Say you’re running a small business and you want to do right by your employees. You want to pay a good wage, offer good health care benefits, support worklife balance. But you’re swimming in an ecological niche where most of your competitors pay crappy wages and no benefits. Treating your employees better would give you a small advantage — turnover is less, and more dedicated, skilled employees tend to gravitate to your shop. But in your niche cost is king, and this advantage is overwhelmed by the costs of treating your employees well. If you live by your values, your business will die.
Right now, the deck is stacked against you. What if we turned it around — tweaked the ecosystem so the rules favored your values? In short, we could follow Principle #2: Stack the Deck in Favor of the “Good Guys.”
Sometimes Stacking the Deck is about just giving good folks a small edge — offering tax credits for businesses that offer certain benefits, creating a fast approval track for developers who’re creating a Smart Growth development. This approach has the advantage that it’s not dictating outcomes — nudging, if you will.

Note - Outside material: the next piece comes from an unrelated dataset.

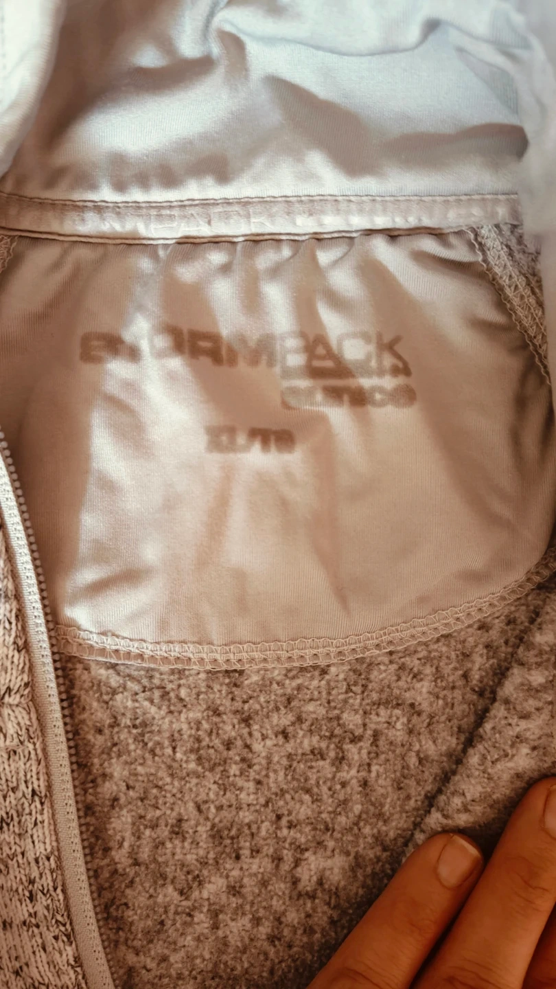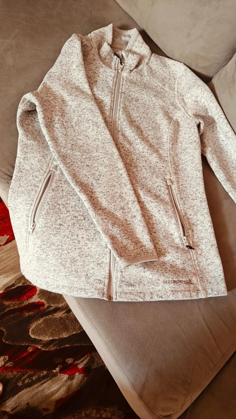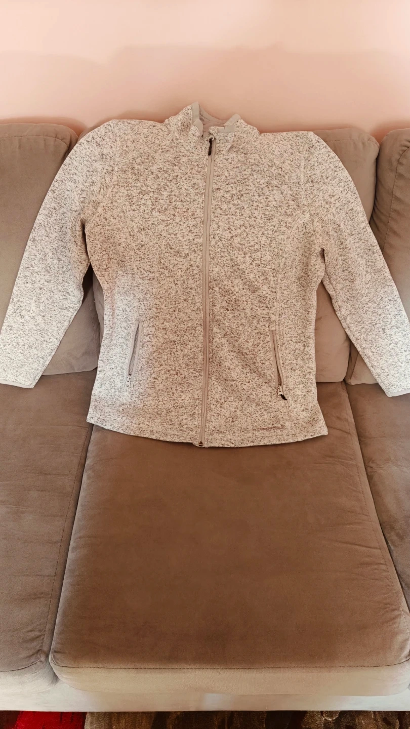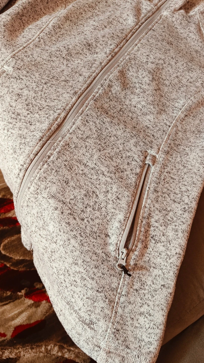 Northern Peak full-zip fleece jacket. Speckled grey and white pattern with grey trim. Features two zippered hand pockets. Size XL.

But sometimes nudging isn’t enough. If we want an ecosystem in which offering good health care benefits or good wages isn’t a death sentence for your small business, we’re going to need to reshape the ecosystem so competing by treating workers like crap isn’t an option.
Reshaping the ecosystem doesn’t always mean using the government. I used to work at a union that was helping workers organize low-wage small service businesses in a city. One of the interesting things I learned working on the campaign was that once in a while a small business owner would admit — privately — they were happy about the union drive. They wanted to pay their workers a living wage. But so long as their competitors could pay abysmal wages, they’d lose every contract if they followed their values. If the workers won a citywide master contract, the small business owners could stop competing based on how crappily they treated their workers and start competing on quality of service.
Stacking the Deck doesn’t ask for the impossible. In keeping with Principle #1 — We Can’t Control the Economy — it tries to be sensitive to the realities that organizations face. If small businesses in an ecological niche can’t afford the current cost of health care benefits, we can’t just insist they pay for it. Either we need to reshape the healthcare ecosystem so small businesses can comfortably afford it, or we need to reshape the ecosystem so everyone gets high quality, affordable healthcare and they don’t get it through their job.
And Stacking the Deck isn’t a panacea. We can’t magically create a world where the Good Guys always win. But here and there, we can do what we can to give them a leg up.